= Suburban Gardens =

Major amusement park in Washington, D.C.

Suburban Gardens was the first and only major amusement park within Washington, D.C. Located at 50th and Hayes Streets, NE, in the Deanwood neighborhood near the National Training School for Women and Girls, Suburban Gardens opened in 1921 and was in operation for almost two decades. It was a welcome site for African Americans who were excluded by whites from Glen Echo Amusement Park in nearby Maryland.

Suburban Gardens amusement park

Suburban Gardens was created by the Universal Development and Loan Company, a black-owned real estate and development company. Engineer Howard D. Woodson, writer John H. Paynter, and theater magnate Sherman H. Dudley were among the investors. Here Washingtonians enjoyed a roller coaster, Ferris wheel, swimming pools, games of chance, and picnic grounds. There was also a large dance pavilion where popular jazz musicians performed. The 7 acre park, in far Northeast, was on the city's undeveloped outskirts bordering Prince George's County, Maryland. Washingtonians and out-of-town visitors came to Suburban Gardens by trolley car, commuter train, private car, or on foot.

In 1928, white movie theater owner Abe Lichtman bought the park, who quickly began building of a movie theatre in Deanwood, in spite of the community protests against its construction.
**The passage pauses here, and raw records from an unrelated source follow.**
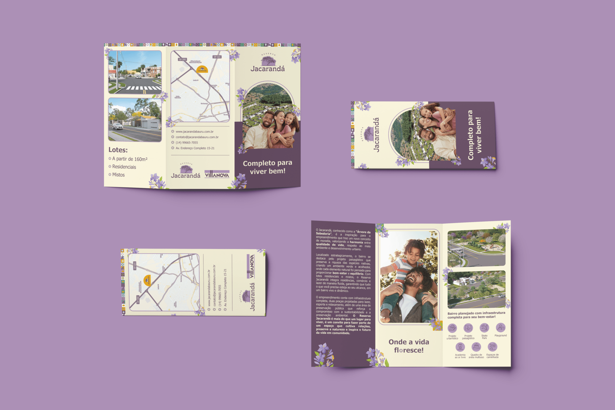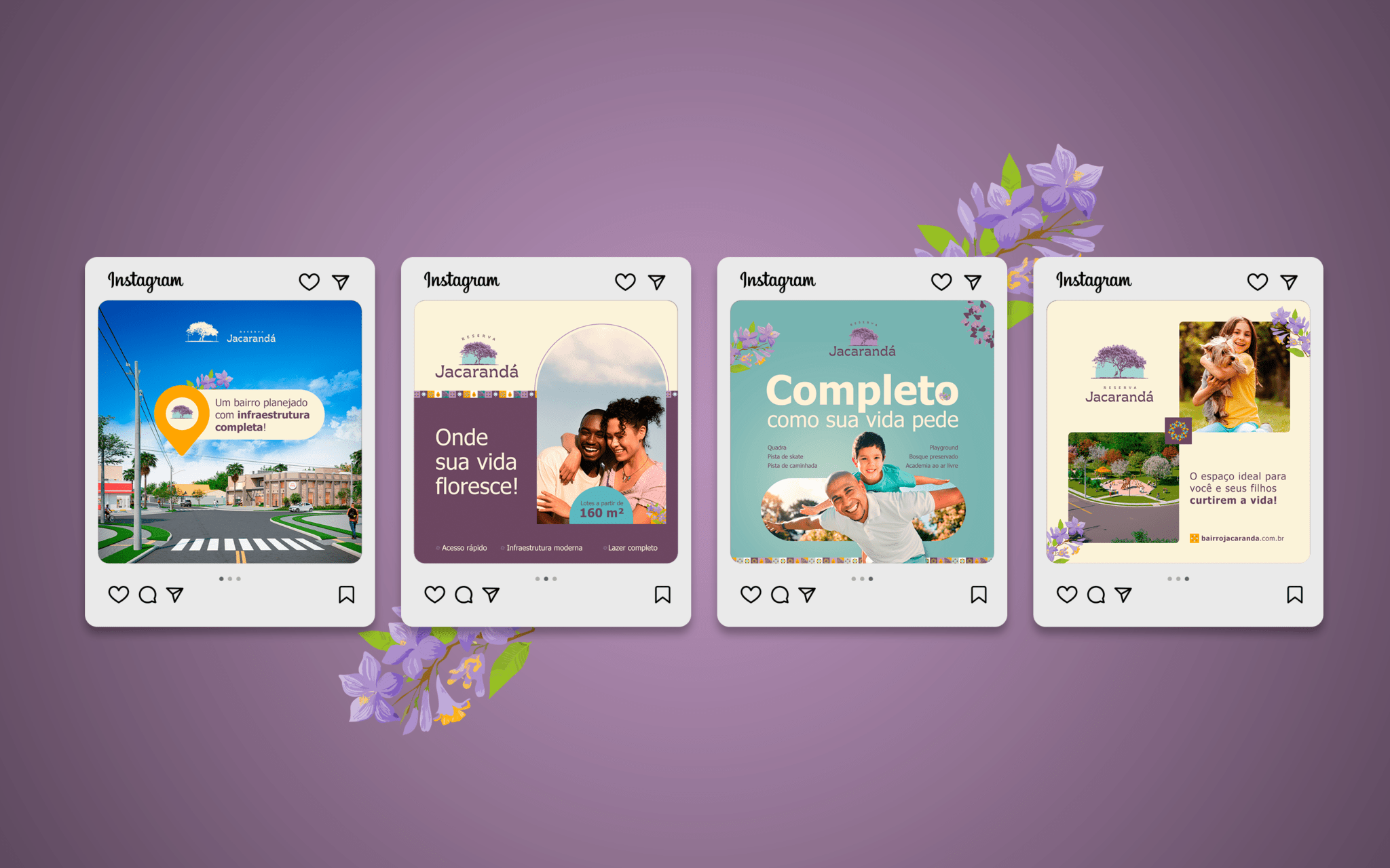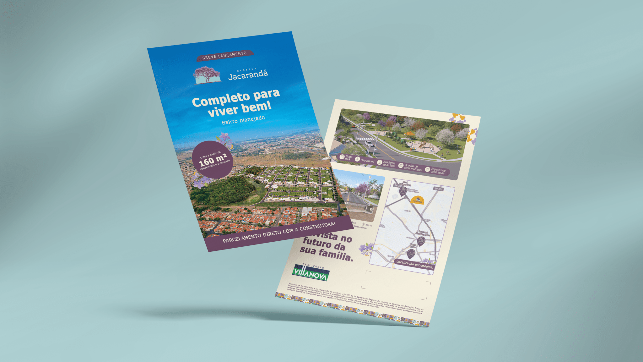 A árvore, elemento central da identidade visual, reforça a ideia de sabedoria, estabilidade e crescimento, conceitos que estão conectados com a filosofia do Reserva Jacarandá. Com uma estrutura orgânica e ramificada, ela simboliza o desenvolvimento de uma comunidade viva e em constante evolução, conectando as residências, o comércio e o lazer de forma fluida e integrada.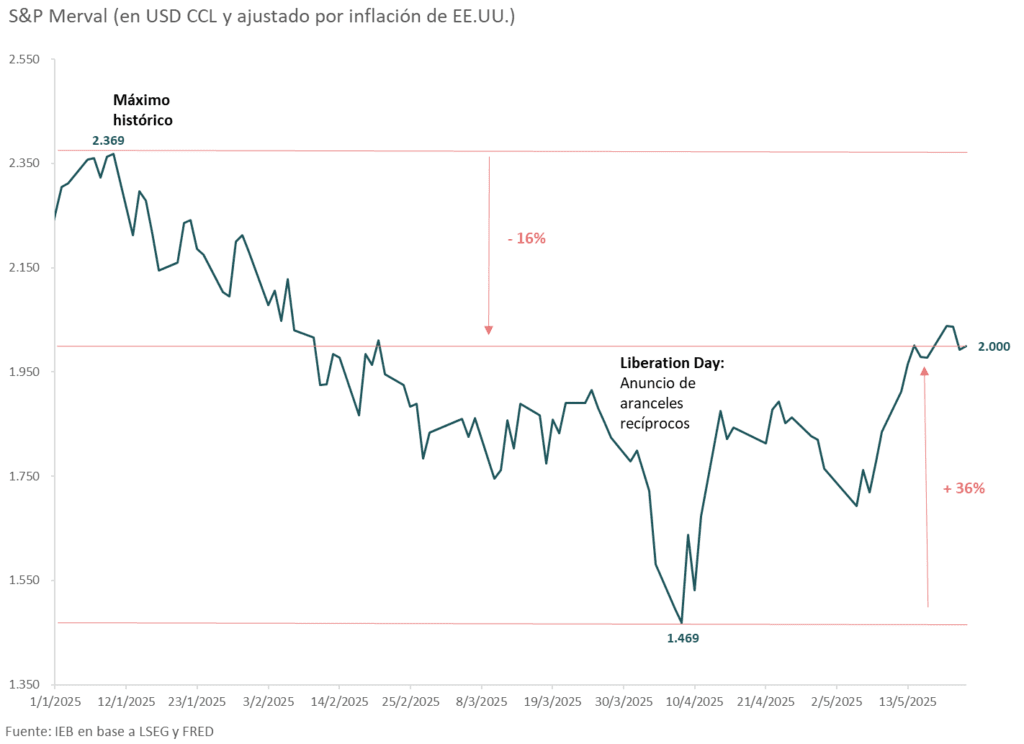 El equity argentino no quedó ajeno a dicha dinámica y quebró su racha alcista luego del triunfo del oficialismo en las elecciones porteñas. Cerrando en 2.000 puntos el índice queda 36% por encima del mínimo tocado a principios de abril de este año pero aún un 16% por debajo del máximo de 2.369 puntos registrado a principios de este año.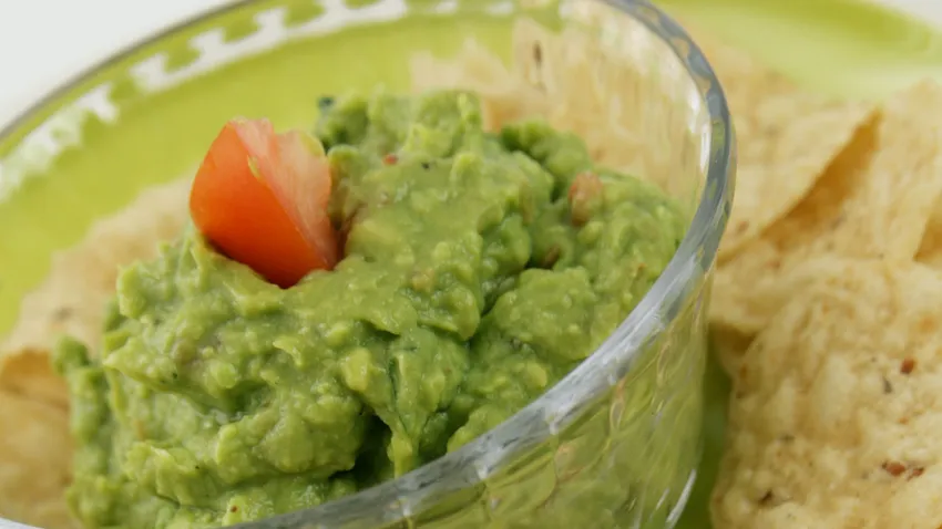 Sencilla salsa a base de aguacate, cebolla y chiles para acompañar en un aperitivo.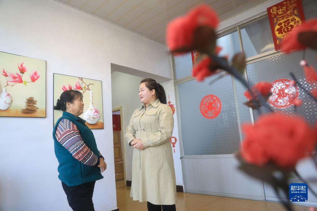 2月20日,在遼寧省朝陽(yáng)市朝陽(yáng)縣木頭城子鎮十家子村,王穎(右)在村民家中和村民嘮家常。

The park closed by 1940. After its closure, the area was redeveloped and replaced mostly with apartment buildings, some of which share the park's name.

In 1960, African Americans joined with whites to engage in non-violent civil disobedience that finally ended the racist admissions policies of Glen Echo Amusement Park. Today, the Washington D.C. Metropolitan Police Department's Sixth District Station occupies part of the site of Suburban Gardens.

== Attractions ==
Suburban Gardens Amusement Park offered many attractions for its visitors. While the dance pavilion was considered the main attraction, Suburban Gardens also operated:

- A roller coaster
- A Ferris wheel
- A pool
- A caterpillar flat ride
- A chair swing ride
- Bumper cars
- A frolic spinning ride
- A tumble-bug ride
- A children’s playground.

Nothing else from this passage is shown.